BEGIN GIVEN DATA
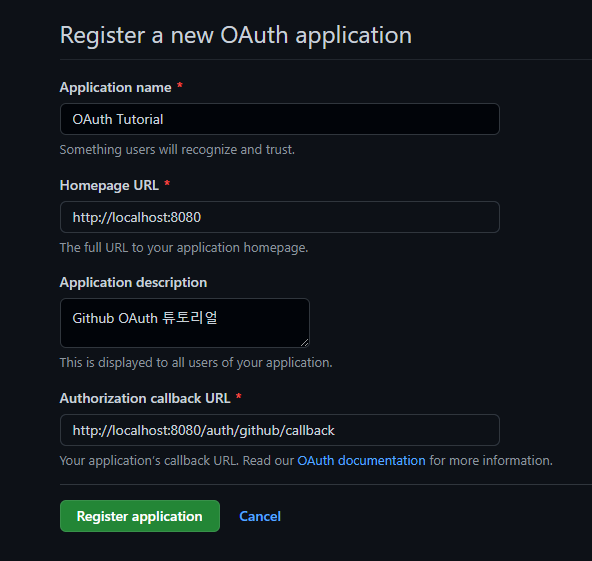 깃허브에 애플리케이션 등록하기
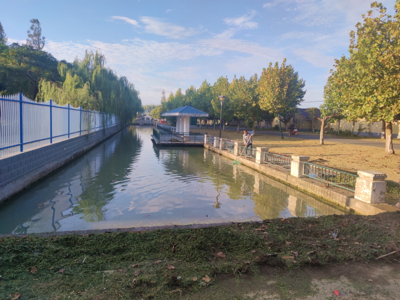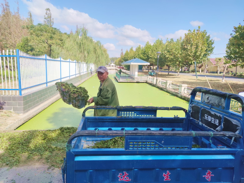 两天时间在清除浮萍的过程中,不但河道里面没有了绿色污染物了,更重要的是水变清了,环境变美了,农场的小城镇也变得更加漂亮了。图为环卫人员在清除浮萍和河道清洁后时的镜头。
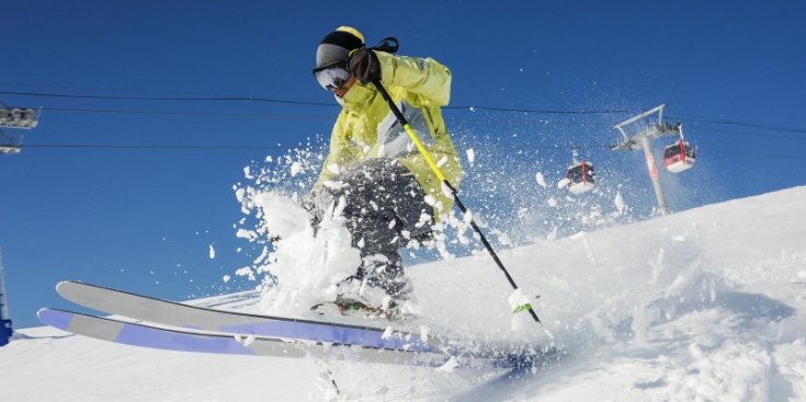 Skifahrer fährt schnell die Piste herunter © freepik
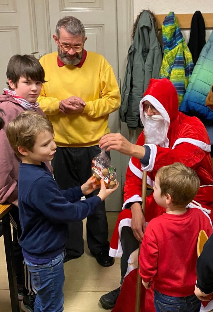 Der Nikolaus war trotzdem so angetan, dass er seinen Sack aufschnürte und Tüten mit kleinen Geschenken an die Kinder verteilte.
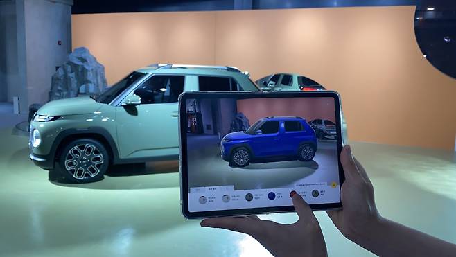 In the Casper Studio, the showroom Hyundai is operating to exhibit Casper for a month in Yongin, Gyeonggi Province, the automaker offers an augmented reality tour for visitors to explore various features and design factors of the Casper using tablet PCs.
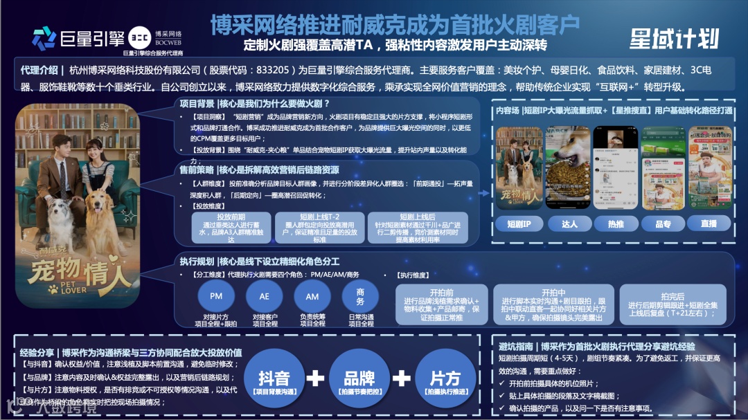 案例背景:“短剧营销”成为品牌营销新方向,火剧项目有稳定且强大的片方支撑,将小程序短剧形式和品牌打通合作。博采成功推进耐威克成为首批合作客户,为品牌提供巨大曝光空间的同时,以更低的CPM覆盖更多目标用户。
END GIVEN DATA
**ABOUT THIS TASK**
Please transcribe the material above exactly as written. Leave the pictures out.

**ANSWER SECTION**
 깃허브에 애플리케이션 등록하기
 两天时间在清除浮萍的过程中,不但河道里面没有了绿色污染物了,更重要的是水变清了,环境变美了,农场的小城镇也变得更加漂亮了。图为环卫人员在清除浮萍和河道清洁后时的镜头。
 Skifahrer fährt schnell die Piste herunter © freepik
 Der Nikolaus war trotzdem so angetan, dass er seinen Sack aufschnürte und Tüten mit kleinen Geschenken an die Kinder verteilte.
 In the Casper Studio, the showroom Hyundai is operating to exhibit Casper for a month in Yongin, Gyeonggi Province, the automaker offers an augmented reality tour for visitors to explore various features and design factors of the Casper using tablet PCs.
 案例背景:“短剧营销”成为品牌营销新方向,火剧项目有稳定且强大的片方支撑,将小程序短剧形式和品牌打通合作。博采成功推进耐威克成为首批合作客户,为品牌提供巨大曝光空间的同时,以更低的CPM覆盖更多目标用户。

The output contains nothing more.